All that He Is
Saturday, 5 March 2011Although I'm something of a fan of E[lzie] C[risler] Segar, what I like most when it comes to Popeye are the animated cartoons made by the Fleischer Studios, before they relocated to Florida. (Some years ago, the Woman of Interest got me a copy of Popeye the Sailor: 1933 – 1938, which was exactly the perfect collection for me.)
Anyway, I thought that I'd present my single favorite bit from those cartoons: For a better sense of what is happening here, watch Popeye the Sailor Meets Ali Baba's Forty Thieves (1937), or at least the minute and 48 seconds starting at 6:12.
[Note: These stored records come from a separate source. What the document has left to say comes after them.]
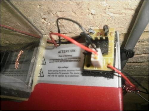 INverter cooler -12V PC fan, scrap PVC sheet, grille, 12V fan speed controller uses heatsink temp to vary speed, switchmode power supply from dud battery charger.
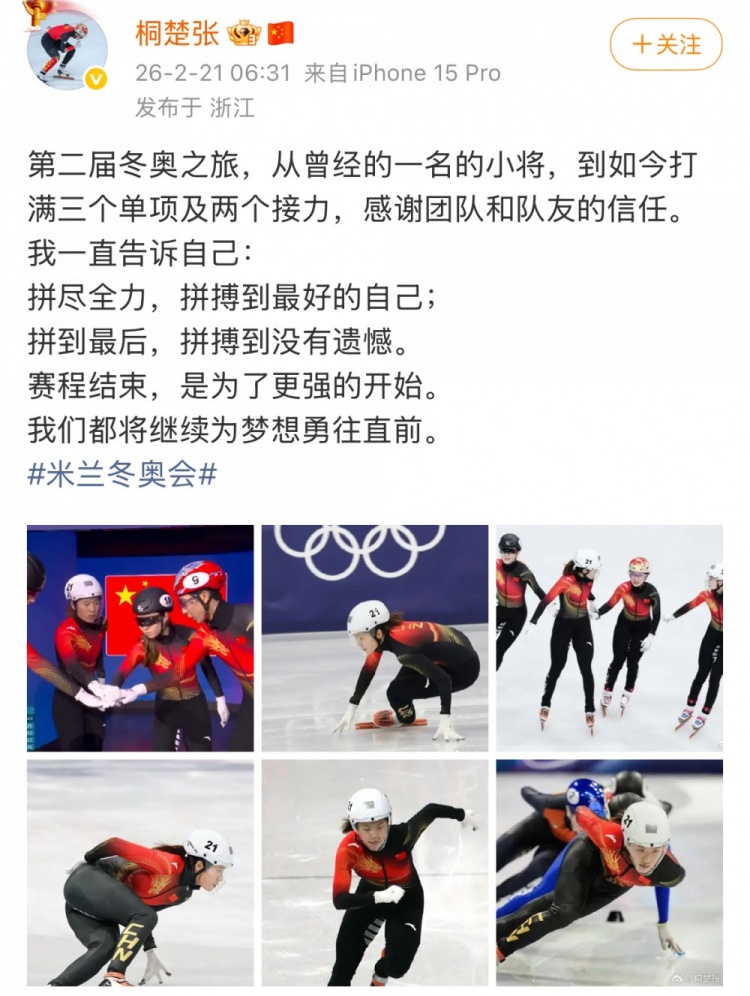 赛后张楚桐更新社媒总结本次冬奥之旅,她写道:
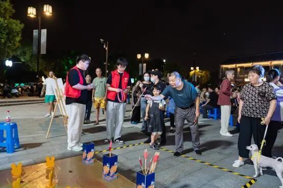 除了文化雅韻,現(xiàn)場設(shè)置了多個互動打卡與市集體驗區(qū),讓節(jié)日氛圍更添煙火氣。“我在徐凝遛月亮”打卡點前,居民手持造型精巧的月亮小夜燈定格溫馨瞬間;“玉兔投壺”游戲區(qū)排起長隊,老少同樂間復(fù)刻古代士人的閑情雅趣。“月光市集”匯集文創(chuàng)手作、中秋美食等,市民憑游園卡完成互動、集齊印章,即可兌換月亮小夜燈和冰皮月餅,將節(jié)日祝福化作觸手可及的溫暖。
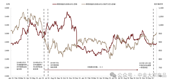 图表:CBOT大豆期货价格与DCE豆粕期货价格走势(2018.1.1-2019.12.31)[3]
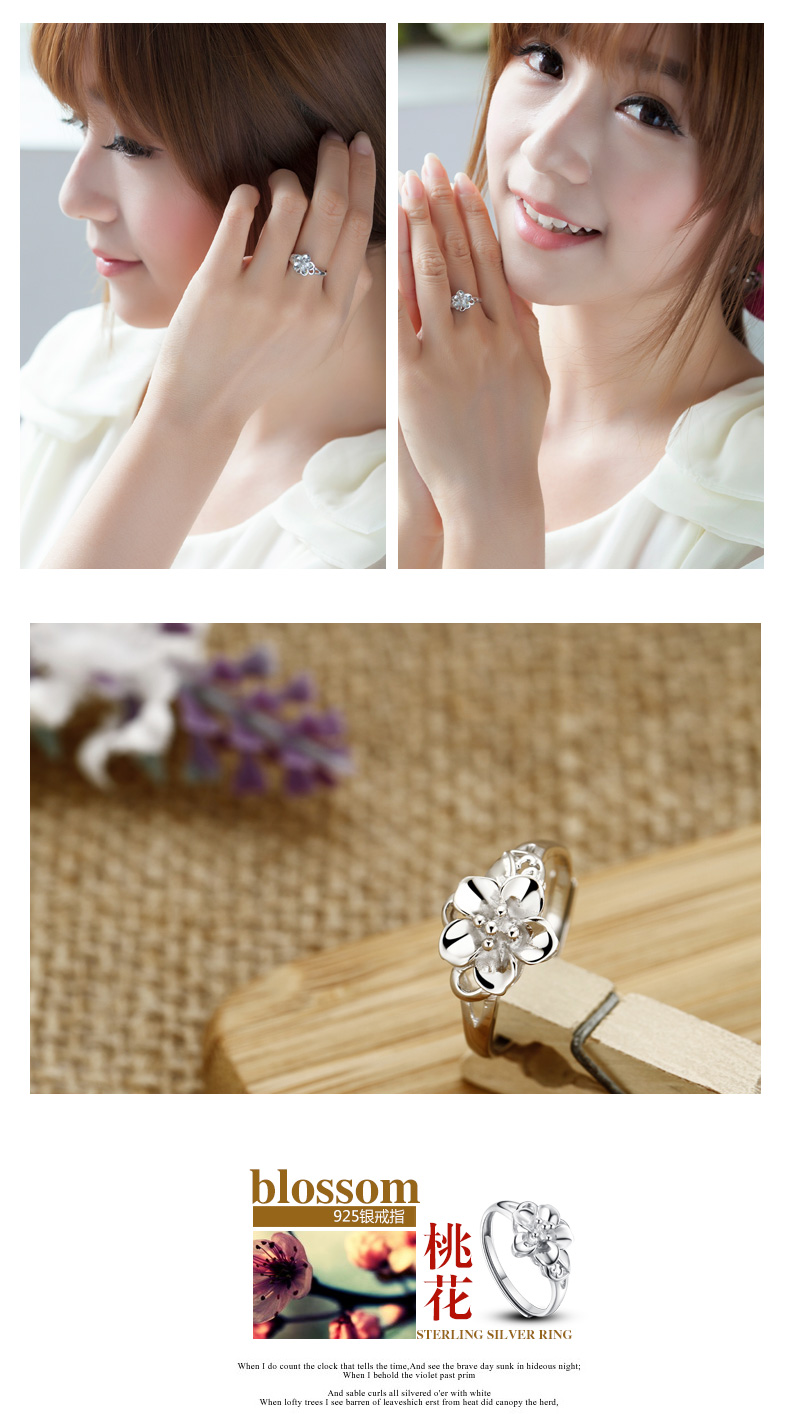 关于爱925银戒指女桃花戒指 女 韩版 时尚 银指环银戒子开口 | |

Popeye and Olive and Wimpy are the restaurant of an oasis village, when there is a warning that Abu Hassan and his band of forty thieves are out on a raid. The villagers go into hiding (as does Olive). Indeed, the thieves approach this very village. Popeye hears a great commotion outside, leaps from his stool, and begins pumping his fists.Popeye the Sailor Meets Ali Baba's Forty Thieves is, over all, not actually my favorite Popeye cartoon — which, off the top of my head, might instead be Popeye the Sailor Meets Sindbad the Sailor (1936), though I'm not sure — but this one bit is perfect. Popeye isn't sure what he's about to confront, but he's prepared to fight it! Popeye is emotionally prepared to fight
Popeye is, in important respects, a simple man. He has many apparently unexamined certitudes, leaps to conclusions, and often does things that are very inappropriate. And he knows that he's simple; that's part of what he's saying with I yam what I yam and that's all what I yam!
Popeye doesn't typically think
his way out of a problem; it doesn't even seem to occur to him to try. If thinking were suggested to him, then he'd probably confess that he couldn't. He uses his fisks 'cause that's what he's gots. And, ultimately, they've always seemed to be enough.
But, in the moral sphere, he is consistently doing his very best. Not just what others might see as enough, but his best. I yam what I yam and that's all what I yam!
isn't used to rationalize shirking. Popeye is prepared to fight whatever comes through that door because, if it's bad, somebody has to fight it; and, if Popeye doesn't fight it, well, then who will?
BTW, on Thursday, I received copies of the first three volumes of the Fantagraphics Popeye reprints from Edward R. Hamilton, mentioned in a previous entry; they had no remainder marks. (And the transaction seems otherwise to have been perfectly satisfactory.)
[1] Except in-so-far as he has no personally acceptable means by which to fight a woman.